[Source records]

########################################

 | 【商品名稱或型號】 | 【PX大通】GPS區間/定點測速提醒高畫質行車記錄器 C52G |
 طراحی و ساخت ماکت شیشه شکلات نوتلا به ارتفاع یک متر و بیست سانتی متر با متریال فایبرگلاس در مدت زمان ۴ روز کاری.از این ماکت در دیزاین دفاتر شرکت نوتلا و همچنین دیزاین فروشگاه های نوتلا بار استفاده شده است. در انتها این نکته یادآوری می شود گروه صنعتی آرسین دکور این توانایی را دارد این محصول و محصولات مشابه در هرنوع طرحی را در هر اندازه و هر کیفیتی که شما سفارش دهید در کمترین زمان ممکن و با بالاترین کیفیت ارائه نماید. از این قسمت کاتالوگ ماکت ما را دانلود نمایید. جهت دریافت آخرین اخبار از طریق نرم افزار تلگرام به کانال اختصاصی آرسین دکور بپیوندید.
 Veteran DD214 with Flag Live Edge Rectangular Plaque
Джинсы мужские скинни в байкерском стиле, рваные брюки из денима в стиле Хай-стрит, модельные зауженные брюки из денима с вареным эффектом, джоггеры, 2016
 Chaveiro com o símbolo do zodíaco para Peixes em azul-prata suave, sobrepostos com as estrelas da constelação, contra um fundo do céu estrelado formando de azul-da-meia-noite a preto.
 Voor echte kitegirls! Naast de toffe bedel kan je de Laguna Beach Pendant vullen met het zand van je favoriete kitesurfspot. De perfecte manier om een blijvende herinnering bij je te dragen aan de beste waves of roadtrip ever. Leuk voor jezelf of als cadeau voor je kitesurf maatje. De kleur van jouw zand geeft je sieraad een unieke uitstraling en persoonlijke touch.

########################################

-- Task description --
Output each line exactly, from the first line of the data down to the line that contains "Chaveiro com o", both included.

-- Your response --
 | 【商品名稱或型號】 | 【PX大通】GPS區間/定點測速提醒高畫質行車記錄器 C52G |
 طراحی و ساخت ماکت شیشه شکلات نوتلا به ارتفاع یک متر و بیست سانتی متر با متریال فایبرگلاس در مدت زمان ۴ روز کاری.از این ماکت در دیزاین دفاتر شرکت نوتلا و همچنین دیزاین فروشگاه های نوتلا بار استفاده شده است. در انتها این نکته یادآوری می شود گروه صنعتی آرسین دکور این توانایی را دارد این محصول و محصولات مشابه در هرنوع طرحی را در هر اندازه و هر کیفیتی که شما سفارش دهید در کمترین زمان ممکن و با بالاترین کیفیت ارائه نماید. از این قسمت کاتالوگ ماکت ما را دانلود نمایید. جهت دریافت آخرین اخبار از طریق نرم افزار تلگرام به کانال اختصاصی آرسین دکور بپیوندید.
 Veteran DD214 with Flag Live Edge Rectangular Plaque
Джинсы мужские скинни в байкерском стиле, рваные брюки из денима в стиле Хай-стрит, модельные зауженные брюки из денима с вареным эффектом, джоггеры, 2016
 Chaveiro com o símbolo do zodíaco para Peixes em azul-prata suave, sobrepostos com as estrelas da constelação, contra um fundo do céu estrelado formando de azul-da-meia-noite a preto.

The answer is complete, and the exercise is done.